Personally, I do not think this topic is the right place to litigate specific evaluations or amounts – I am not going to participate in that discussion here, and I think amount-debating energy would be better redirected into designing mechanisms for future evaluation. Picking amounts is hard, and we have to be really careful about accidental perverse incentives – e.g. we want contributions to Namada to be rewarded by how much they contribute to the public good, not how good people are at debating allocations on forums (which is not at all an equally distributed skill, especially considering time constraints, language barriers, etc.). I can imagine a few directions to go here:
- Split public goods funding proposals into a framework-allocations flow – where first we try to agree on a framework, including how amounts will be determined (roughly) and who will perform the evaluations (which will still require lots of human input, even with a framework) – and focus our debating energy towards coming up with a clear framework. I think we might even want to agree not to debate amounts after we’ve picked the framework and evaluators, unless there are absolutely egregious errors (e.g. the evaluator recommends allocating all the tokens to themself), and simply consider other evaluators in the future if we’re unhappy with the evaluations.
- Come up with a polling mechanism, where e.g. staked NAM bond-holders can vote, or delegate their votes to a third party, where the third parties will select allocation amounts for specific projects (the main idea here is to make picking amounts a bit more “democratic” and reduce the pressure on a single evaluating party). This comes with some disadvantages, though.

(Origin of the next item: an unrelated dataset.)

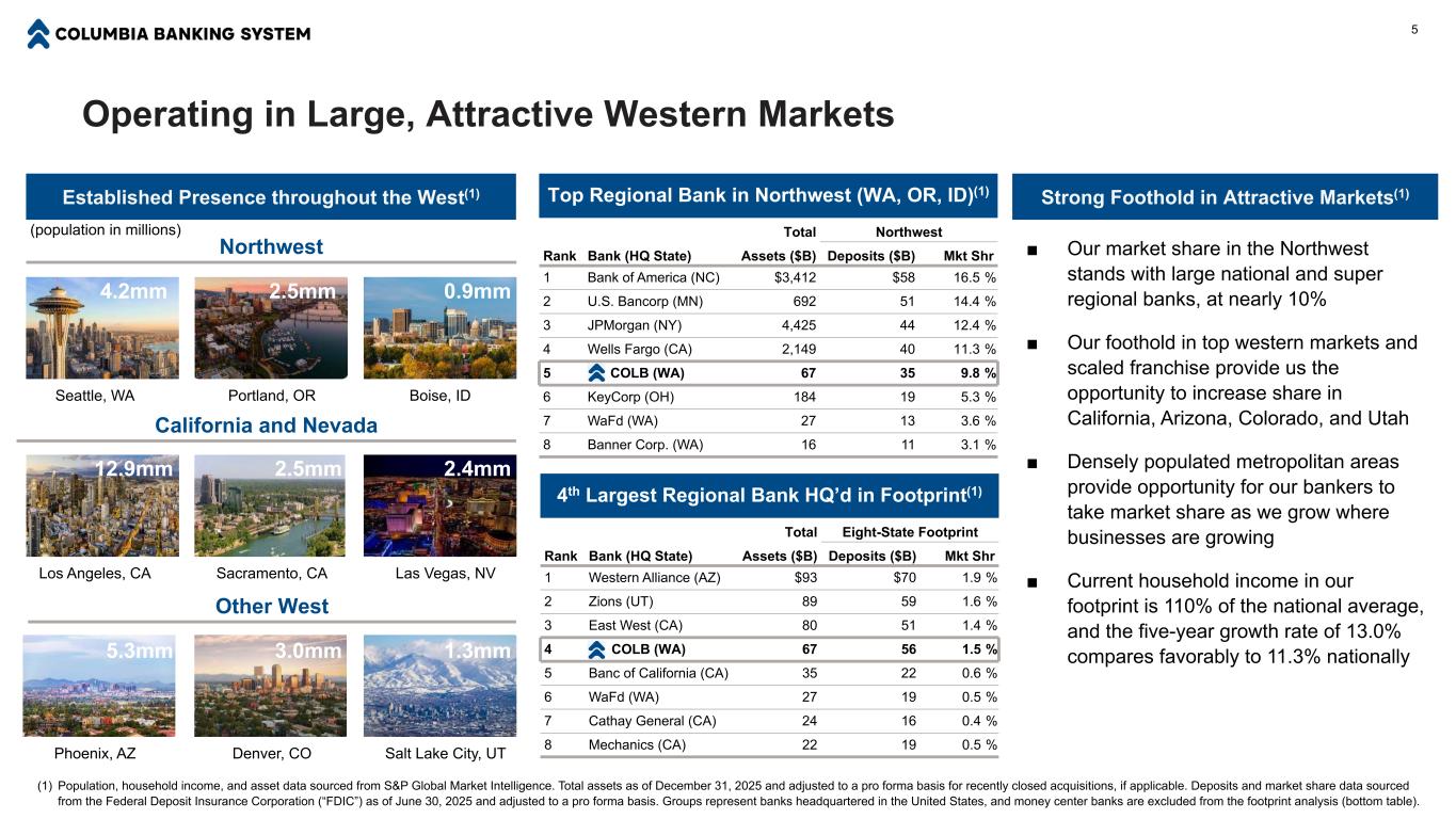 聚焦西部的区域强国4完成西部足迹(三)为什么是哥伦比亚?■首选商业银行战略培养细粒度、低成本的核心存款基础■引人注目的文化和规模社区银行业务模式培养了深厚的社区联系,同时也吸引和留住了顶尖的银行人才■规模化的西部专营权难以复制,提供了稀缺价值■有机会在加利福尼亚州和西部不断增长的大都市有机地获得份额,同时在西北部增加密度■强大的信贷质量得到了多元化、结构良好的支持,以及保守承销的贷款组合■稳健的资本生成支持长期有机增长并向股东回报Columbia C或PO ra te Ticker COLB市值(1)84亿美元股息收益率(1)5.1% Fi na NC ia ls a s of M ar ch 31,2026资产660亿美元贷款477亿美元存款535亿美元普通股一级资本比率(2)11.5%总资本比率(2)13.3%(1)截至2026年4月22日的市场数据。(2)监管资本比率是在完成和提交哥伦比亚监管报告之前的估计。(3)哥伦比亚总部位于华盛顿州塔科马,在美国西部经营着近350家分支机构,并在德克萨斯州设有房主协会(“HOA”)办事处(未图示)。

- Totally empower stewards: agree not to debate steward allocations at all, except when they specifically request feedback. If the community really doesn’t like how a particular steward in making decisions, governance can veto their proposals (and kick out the stewards). This approach requires some more “incremental” trust in the steward to perform specific evaluations, but it might be the most efficient option, and personally I think moving quickly and growing Namada’s public goods ecosystem is more important than creating more process flow around evaluations.
- In conjunction with (4), we could even empower stewards to make some PGF allocations privately, and disclose afterwards (after some period) what they’ve allocated to (after some time, the community can evaluate whether or not they’ve been doing a good job and decide whether to keep them in the position or not).
This should likely become its own topic – just wanted to share some thoughts after reading this thread.